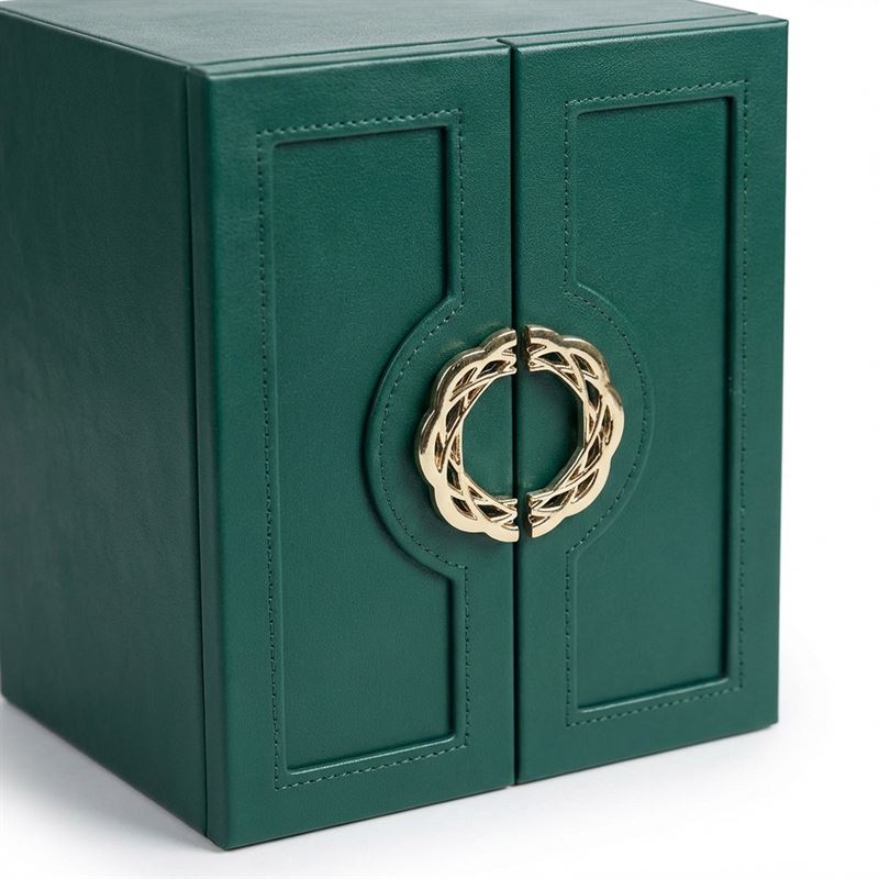 Låt dina värdefulla smycken vila tryggt och stilfullt i detta exklusiva UNIQ XL smyckeskrin. Den djupa, gröna nyansen andas sofistikerad elegans, och den rymliga designen organiserar dina favoriter på ett ögonblick. Ett smyckeskrin som inte bara skyddar dina skatter, utan även förhöjer skönheten i ditt rum.
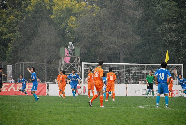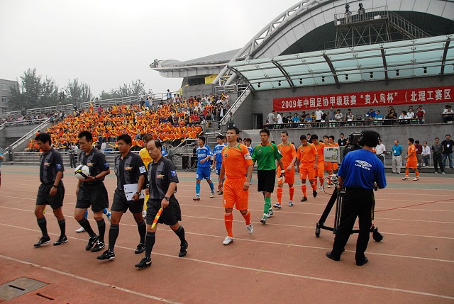 赛前两队分列积分榜后三位,理工只领先川足4分,这是一场谁也输不起的比赛,本场比赛的上座率也因此而较为可观,学校还组织了大批良乡新生前来助阵,比赛就这样在“理工必胜,理工必胜”的强有力助威口号中展开了激烈的争夺。
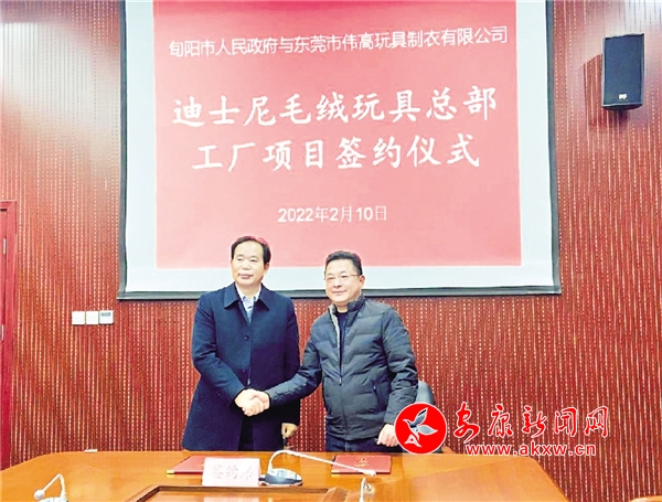 旬陽市委副書記、代市長羅本軍(左一)出席迪士尼毛絨玩具總部工廠項目簽約儀式
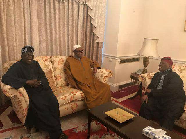 This afternoon, the presidency shared new photos of President Buhari in the UK. He received APC National leader, Bola Tinubu and former Osun state governor, Bisi Akande at the Nigerian House where he is residing (read here). Some Nigerians claim the photos are photoshopped as they show President Buhari wearing the same Kaftan and Cap he wore in previously released photos. See their comments below..
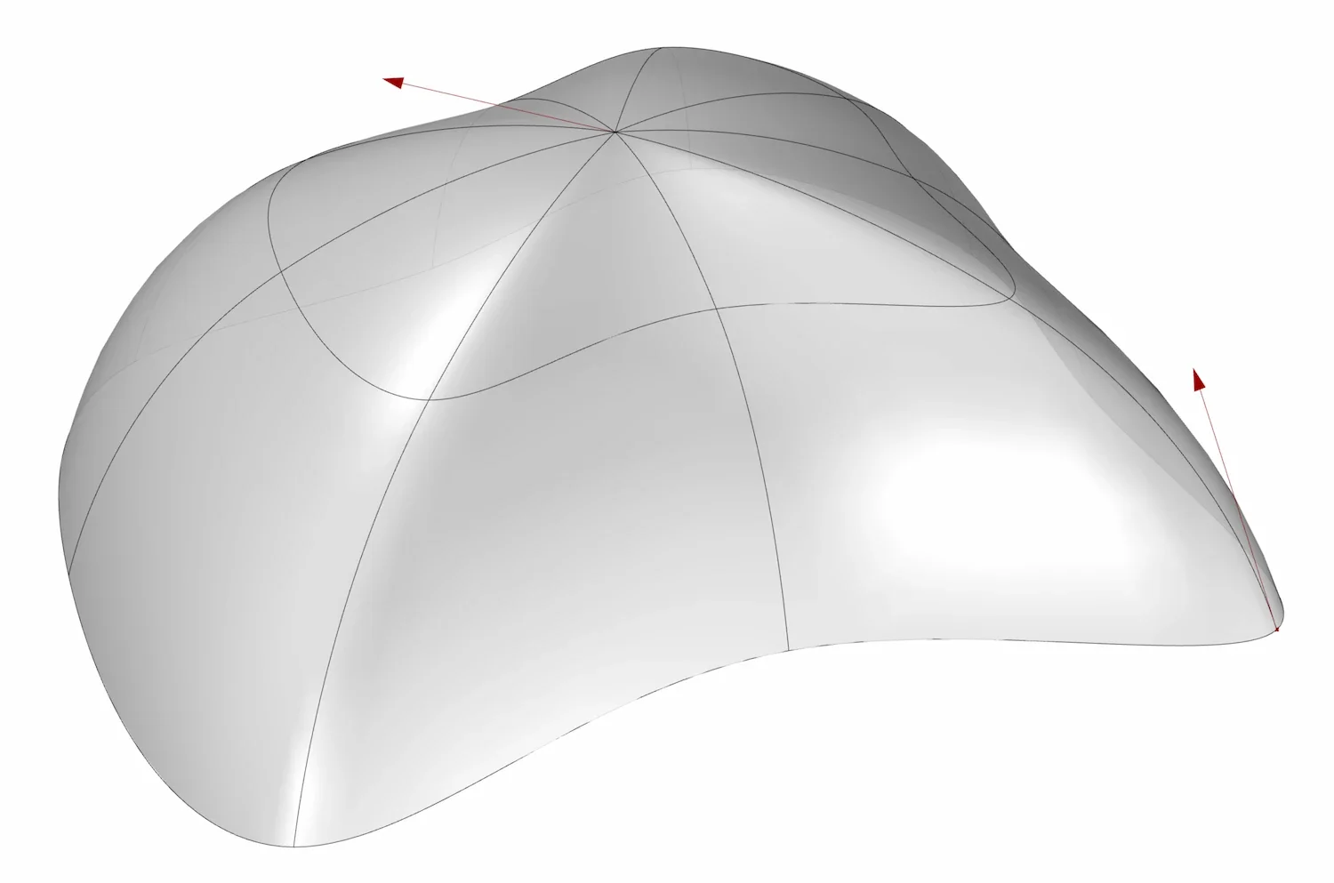 A bi-arc is drawn from the point of maximum curvature farthest from the center.
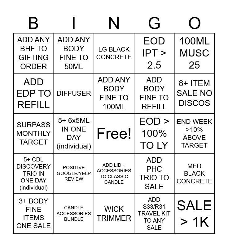 This bingo card has a free space and 40 words: EOD ATV > $200, SURPASS MONTHLY TARGET, LG CONCRETE, DIFFUSER, CANDLE ACCESSORIES BUNDLE, ADD LID + ACCESSORIES TO CLASSIC CANDLE, ADD ANY BODY FINE TO 100ML, ADD ANY INTERIOR CREATION TO 50/100ML EDP, 100ML MUSC 25, 5+ CDL DISCOVERY TRIO IN ONE DAY (individual), 5+ 6x5ML IN ONE DAY (individual), EOD IPT > 2.5, SALE > 1K, END WEEK >10% ABOVE TARGET, EOD > 100% TO LY, POSITIVE GOOGLE/YELP REVIEW, 3+ GROOMING CREATIONS IN ONE SALE, ADD ANY BHF TO GIFTING ORDER, 4+ CANDLES IN ONE SALE, LG BLACK CONCRETE, MED BLACK CONCRETE, ADD S33/R31 TRAVEL KIT TO ANY SALE, ADD BODY FINE TO REFILL, ADD EDP TO REFILL, ADD CONCRETE VOTIVES TO ANY SALE, DS17 + 50/100ml, GIFT WRAP KRAFT BOX, ANY BOOK, ANY TOTE, TRV TUBE W/CASE, SELL 1 PKG FROM GIFTING GUIDE, 3+ BODY FINE ITEMS ONE SALE, 4+ BHF ITEMS ONE SALE, ADD PHC TRIO TO SALE, 8+ ITEM SALE NO DISCOS, WICK TRIMMER, CANDLE SNUFFER, 2+ EDP 50/100ml ONE SALE, ADD ANY BODY FINE TO 50ML and ADD HOME FRAG. TO ANY SALE.
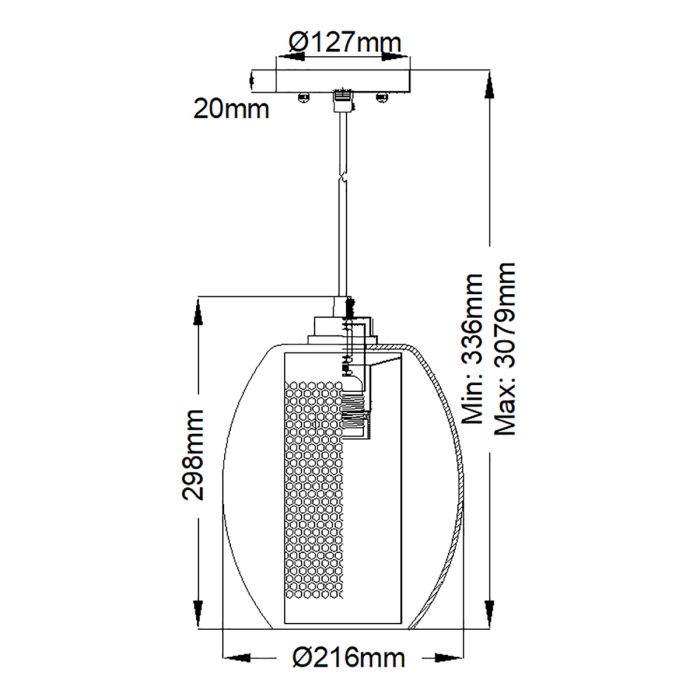 - Product Dimensions: H: 298mm D: 216mm Min/Max Drop: 336mm - 3079mm

# WHAT THE EXERCISE ASKS:
Reproduce, word for word, only the lines in the records above from the line with "赛前两队分列积分榜后三位,理" through the line with "This afternoon, the", including both ends; omit the pictures.

# RESULT:
 赛前两队分列积分榜后三位,理工只领先川足4分,这是一场谁也输不起的比赛,本场比赛的上座率也因此而较为可观,学校还组织了大批良乡新生前来助阵,比赛就这样在“理工必胜,理工必胜”的强有力助威口号中展开了激烈的争夺。
 旬陽市委副書記、代市長羅本軍(左一)出席迪士尼毛絨玩具總部工廠項目簽約儀式
 This afternoon, the presidency shared new photos of President Buhari in the UK. He received APC National leader, Bola Tinubu and former Osun state governor, Bisi Akande at the Nigerian House where he is residing (read here). Some Nigerians claim the photos are photoshopped as they show President Buhari wearing the same Kaftan and Cap he wore in previously released photos. See their comments below..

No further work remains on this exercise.